- Interactive map of the Amanjena area

General information
- Location: Marrakesh, Morocco
- Owner: Aman Resorts

= Amanjena =

Hotel in Morocco

Amanjena (lit. 'peaceful paradise') is a luxury hotel and resort in Palmeraie, a southeastern suburb of Marrakesh, Morocco. Built-in 2000, it was the first Aman Resort on the African continent. In May 2015, David Beckham celebrated his 40th birthday at the hotel.

==Background==
Amanjena is situated in Marrakesh's Palmeraie, along the road to Ouarzazate, just outside Morocco's UNESCO-protected city of Marrakesh in an area where the river valleys of Draa and Dadès merge with the Sahara desert. The resort is set in the backdrop of a hill which rises to a height of 13000 feet, in the surroundings of an olive orchard of the Almoravid period. There are views of the Atlas Mountains.
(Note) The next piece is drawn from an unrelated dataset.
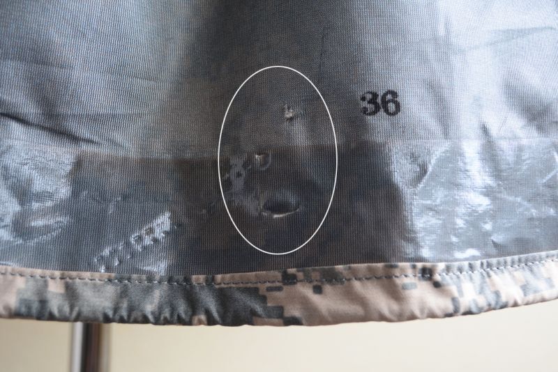USEDになりますので少々使用感はございます。フロント裾に薄っすら黒っぽい汚れ、フロント裾中央より少し左付近にリペアテープによる補修跡が二ヵ所、バック裾裏側に僅かな傷が見られますが、コンディションはまずまず良好です。
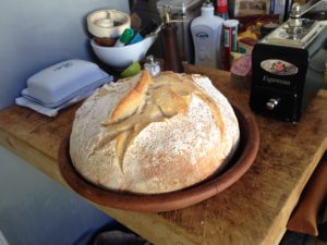 Im Ofen wieder ein Brot. Ich mußte eben, um zu befeuchten, den Terracottadeckel von der Terracottaschale nehmen:

The 2010 movie Sex and the City 2 was filmed at Amanjena. In May 2015, David Beckham celebrated his 40th birthday at the hotel, along with guests Gordon Ramsay and Tana Ramsay, David Gardner and Liv Tyler, the Spice Girls, Eva Longoria, Tom Cruise, David Blaine, Guy Ritchie and Vanessa Feltz.

==Amanjena ==
Amanjena was designed by the architect Ed Tuttle, and was built over a period of two years. Tuttle was inspired by his trips across Morocco and southern Spain, with the Spanish Alhambra palace and 12th-century Menara Gardens purportedly being inspirations. and The Moorish architecture is in the Arabic/Moroccan traditional style, consisting of 32 pavilions and seven houses ("maisons"), with contemporary interiors. The design incorporates the Moorish building practice of pise, packed-earth structures, such as is incorporated in the nearby Berber village structures. The color scheme matches the Red City buildings of Marrakesh. The structure is of stone, pale peach in color, with pink, honey and sage green paint colors used throughout the building.

The massive entry door emulates that of an ancient Arab civilization. Amanjena has a very large lobby in the Moorish style, and features jade-coloured fountains. The lobby is patterned on the lines of a caravanserai, an Ogres suggestive of the Mezquita, the Mosque of Cordoba, with colonnades which open into waterfronts. Other features include sandy clay roofing, two-story lounges, internal patios which face fountains, arches, chiseled pillars, glazed Moroccan tiles, and a frieze of ziggurat design. Various decorating techniques are used, such as écaille de poisson for the zellige and plâtre ciselé for the walls.

The rooms are decorated with Berber rugs and lanterns and have high ceilings. Eight pavilions have their own private garden oasis and pool, while the other six offer views of the main pool. The dwellings are modeled after traditional Moroccan townhouses. A library and two restaurants are available at Amanjena. The main restaurant has a 6 metre (20 ft) high roof and 80 onyx pillars, while another restaurant serves Japanese cuisine. Aside from the large pool, there is a gym and a spa with a hammam, sauna, and steam room.